Valencia History Museum (,  — MhV) was inaugurated on May 7, 2003.

The mission of the Valencia History Museum is to educate visitors about the historical development of the city of Valencia. The MhV depicts the past of Valencia in an informative and entertaining way, using traditional exhibition resources and new technologies.

The project

The Valencia History Museum (MhV) was created by agreement of the Commission of Government of the Valencia City Council on January 12, 2001. Its mission is to promote the history of the city, from its origins to the present day, using elements of the local archaeological, artistic, and cultural heritage.
The MhV aims to present the history of Valencia to visitors, portraying that history as something tangible, intelligible, and entertaining, while also giving perspective to political history, dates, battles or famous historic figures and focusing on social background, economic motives, ideology, and tradition.

MhV was proclaimed "Cultural Project of the Year" by the “Diputación de Valencia” in 2003.

The building

The museum is located inside the first underground reservoir of drinking water in Valencia, which was built by Ildefonso Cerdá (who later designed the Eixample of Barcelona) and Leodegario Marchessaux. The reservoir was inaugurated in 1850 and was the first of its kind in Spain. Built entirely in brick, it is an example of nineteenth-century Valencian industrial architecture. The restoration of the building was performed by the City Council between 1998 and 2001.

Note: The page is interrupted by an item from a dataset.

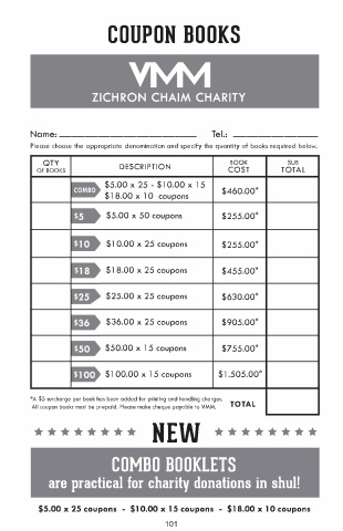 VMM - FOR UPTOWN AREA AII coupon books must be prepaid. Please make cheque payable to VMM. TOTA L

Despite the museum being relatively out of reach of the Old City, the neighbouring Parque de Cabecera, less than 100 meters away, provides easy access to the city centre.

On display
The MhV's permanent exhibition is dedicated to the history of Valencia, divided into eight time periods:

 	
      Valentia (138 b.c.-711)
  	Balansiya (711-1238)
  	Valencia in the Middle ages (1238-1519)
  	The “Germanías” to the “Nueva Planta” (1519-1707)
  	Borbonicus municipality (1707-1833)
  	The City of Steam (1833-1917)
  	Truncated Modernity (1917-1975) and
  	The Valencia we have known (1975-2003)

Each time period shows a collection of objects, documents and works of art which bear witness to their time. In the centre of each block, there are two stands reconstructing historical settings of the city and projecting everyday scenes related to each period, so the visitor can choose any scene at will and get to know historical characters, by immersion in each world of experiences and aspirations. This format blends elements of a museum and a cinema, providing textual information through more dynamic media.

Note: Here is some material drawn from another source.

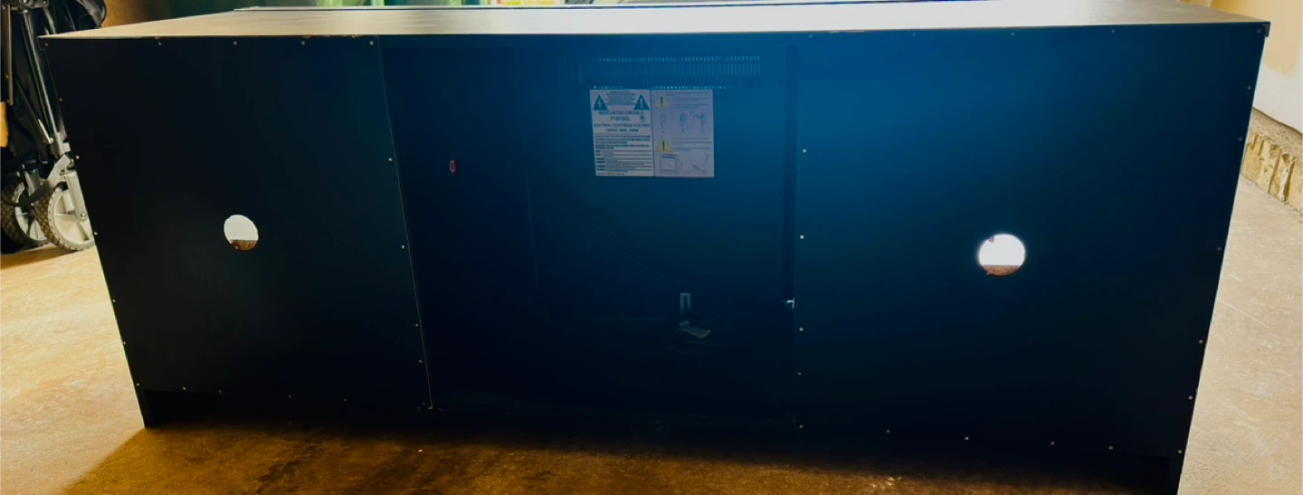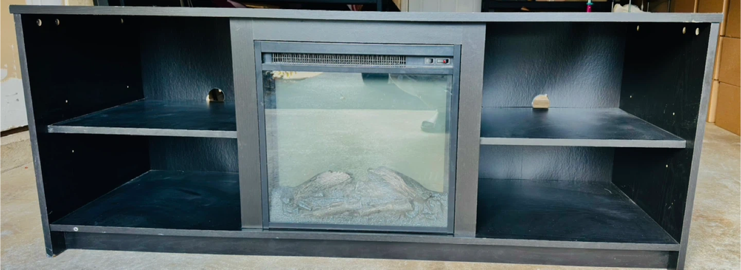 Selling a black fireplace TV stand. It has shelves on the sides and a fireplace in the middle. Great for cozying up your living room!

Visitors can see everyday scenes relating to circumstances and characters of different periods, thus being able to get to know the protagonists of the history of Valencia.

The showcases present a varied collection, ranging from archaeological objects to artistic works, archival documents, books, prints, maps, posters, machines, vehicles or toys, among others, collected not so much for their individual value as for their ability to evoke moments and contexts in history.

Moreover, the MhV hosts regular temporary exhibitions on Valencia in general, and its history in particular, and offers an educational program for all audiences, which includes guided tours or workshops.

The museum is equipped to recreate, using virtual reality, the appearance of the city throughout its twenty-two centuries of history in “La máquina del tiempo (The Time Machine)”. The visitor can choose a time zone and browse it to get a bird's eye view, obtaining an avalanche of historical data on the city at any point along the way.

The “Mediateca (media library)”, finally, is a space designed for relaxation and reflection, where the visitor can enjoy hearing recited poetry or musical fragments from every moment in history, see old photos of Valencia and its inhabitants or freely consult a carefully chosen selection of works on the city.